━━━━━ SOURCE DATA

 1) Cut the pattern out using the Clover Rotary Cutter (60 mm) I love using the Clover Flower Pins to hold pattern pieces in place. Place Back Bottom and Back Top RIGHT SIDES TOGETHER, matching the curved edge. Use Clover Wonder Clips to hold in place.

━━━━━━━━━━
━━━━━ SOURCE DATA

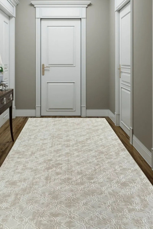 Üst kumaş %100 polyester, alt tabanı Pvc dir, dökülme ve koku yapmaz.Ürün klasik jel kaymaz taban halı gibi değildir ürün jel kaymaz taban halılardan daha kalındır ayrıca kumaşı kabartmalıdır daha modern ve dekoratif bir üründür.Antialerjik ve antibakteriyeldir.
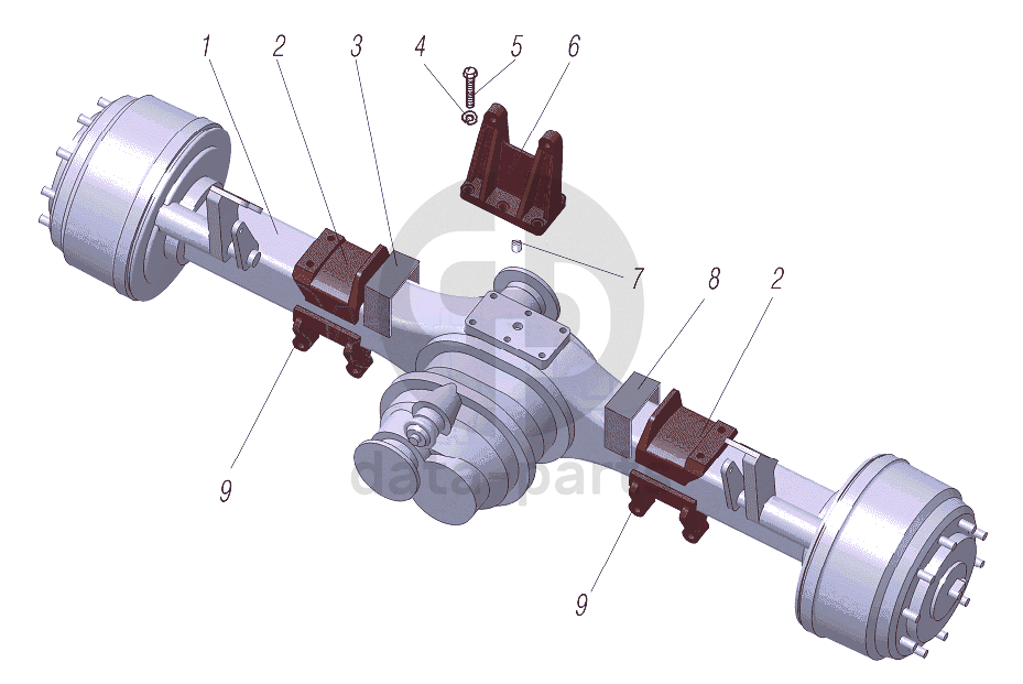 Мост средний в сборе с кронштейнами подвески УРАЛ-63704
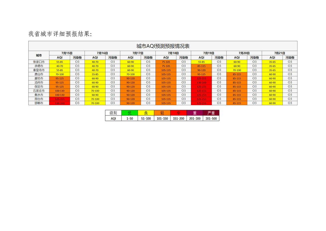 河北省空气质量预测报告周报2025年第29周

━━━━━━━━━━
━━━━━ SOURCE DATA

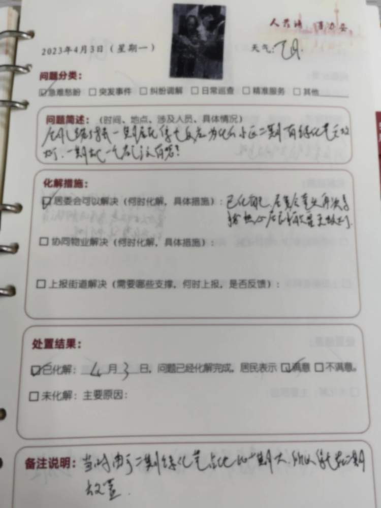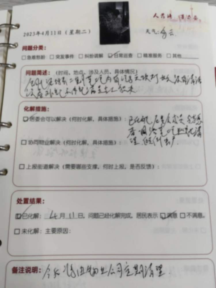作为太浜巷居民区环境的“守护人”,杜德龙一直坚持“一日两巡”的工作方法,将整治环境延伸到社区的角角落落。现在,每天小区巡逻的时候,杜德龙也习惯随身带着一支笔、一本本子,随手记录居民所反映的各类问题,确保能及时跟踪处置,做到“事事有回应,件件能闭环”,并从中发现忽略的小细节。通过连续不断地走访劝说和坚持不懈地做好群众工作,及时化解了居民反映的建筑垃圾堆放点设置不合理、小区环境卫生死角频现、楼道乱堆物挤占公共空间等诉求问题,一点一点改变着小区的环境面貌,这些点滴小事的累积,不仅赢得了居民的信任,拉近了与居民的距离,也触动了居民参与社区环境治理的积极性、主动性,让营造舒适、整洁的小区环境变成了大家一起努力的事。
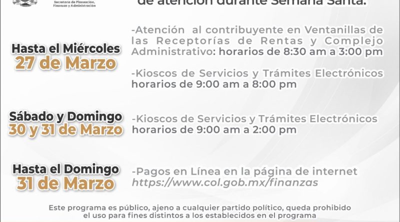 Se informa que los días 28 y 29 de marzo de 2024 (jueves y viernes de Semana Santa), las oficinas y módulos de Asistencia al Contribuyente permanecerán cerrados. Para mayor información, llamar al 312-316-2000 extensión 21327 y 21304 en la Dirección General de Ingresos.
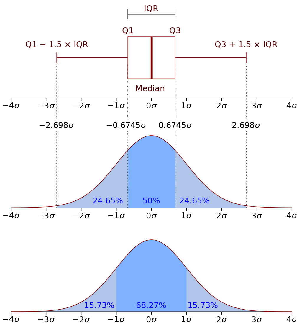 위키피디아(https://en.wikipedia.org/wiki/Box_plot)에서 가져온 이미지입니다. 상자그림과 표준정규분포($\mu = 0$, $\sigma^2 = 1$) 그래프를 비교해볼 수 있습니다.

━━━━━━━━━━

From the entries above, copy exactly the lines starting at the one with "Мост средний в" and stopping at the one with "河北省空气质量预测报告周报2025年第29周", keeping both ends. Drop the pictures.

 Мост средний в сборе с кронштейнами подвески УРАЛ-63704
 河北省空气质量预测报告周报2025年第29周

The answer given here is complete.